Court Has An Opportunity To Finally End The East Texas Patent Troll Docket
from the shut-it-down dept
It’s been nearly ten years since we first wrote about the East Texas district court, based in Marshall, Texas, (and Tyler, Texas) and the fact that patent trolls have been flooding that court with cases. The trolls claimed they liked East Texas because the judges worked quickly and because they “understood” patent issues. The reality, of course, is that East Texas became notorious for a few judges who were insanely pro-patent troll, and ran their cases in a manner that helped out trolls immensely. It’s become a cottage industry, leading to some weird situations, such as the time that Tivo (involved in a patent lawsuit at the time) literally bought a bull right in Marshall, Texas. Perhaps no company has “invested” more in winning over folks in Marshall than Samsung, which not only sponsored the local ice rink, but also gives scholarships to high schoolers there, donates to local schools and takes kids on semiconductor factory tours — all out of the kindness of its corporate heart, no doubt.
The top judge for patent cases in East Texas used to be John Ward, until he “retired” to join his son in a local law practice representing patent trolls. Then the crown went to Judge Rodney Gilstrap, who is handling a ridiculous number of patent cases. In 2014, he was given 968 patent cases — or 20% of all patent cases filed in the country. Given that, perhaps it’s not surprising that he sometimes appears to completely forget about some cases he’s handling. This is the same Judge Gilstrap who has never (not once) granted attorneys’ fees to a defendant, despite all of the cases he’s heard.

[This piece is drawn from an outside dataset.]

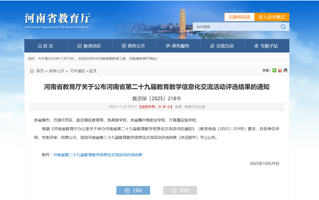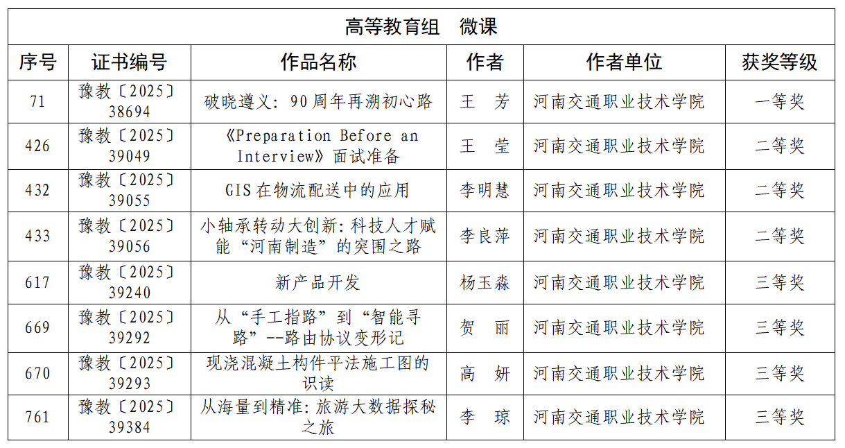 近日,河南省教育厅发布《关于河南省第二十九届教育教学信息化交流活动评选结果的公示》,我校在此次比赛高等教育组中荣获一等奖3项、二等奖3项、三等奖6项。

If you haven’t figured it out by now, something is totally screwed up with the patent system. It’s pretty clear that what we’ve been witnessing for over a decade is what’s known as “forum shopping” in which plaintiffs seek out specific courts known to favor them, but with patent trolls and East Texas it’s been taken to a new level. And, notably, a few other courts have been trying to get into the business as well, with Delaware leading the charge over the past few years. Normally, forum shopping is frowned upon, but it’s been allowed in patent cases for way too long… and there’s actually a chance to stop it. In 1990, a ruling by the Court of Appeals for the Federal Circuit (CAFC, the “patent appeals court”) in VE Holding v. Johnson Gas basically opened the floodgates for forum shopping in patent cases.
But there’s a new case that has the potential to put an end to this forum shopping. In Re: TC Heartland is another patent forum shopping case, in which an Indiana-based company is looking to get a patent case tossed out of a Delaware court over jurisdiction. EFF, together with Public Knowledge and Engine, have asked the court if it can weigh in with an amicus brief, flat out asking the court to overturn the VE Holding case, and to end forum shopping in patent cases.
Congress did not intend for patent owners to be able to sue in any district in the country, no matter how tenuous the links the purported infringer has to the district. Amici ask that this Court restore balance in patent litigation. Amici support Petitioner in asking this Court to grant the petition for mandamus and recognize that VE Holding is no longer good law.
One hopes that CAFC will listen — or, barring that, that the Supreme Court might weigh in and fix this aspect of patent law, as it’s fixed a number of other problems with patent law over the past few years.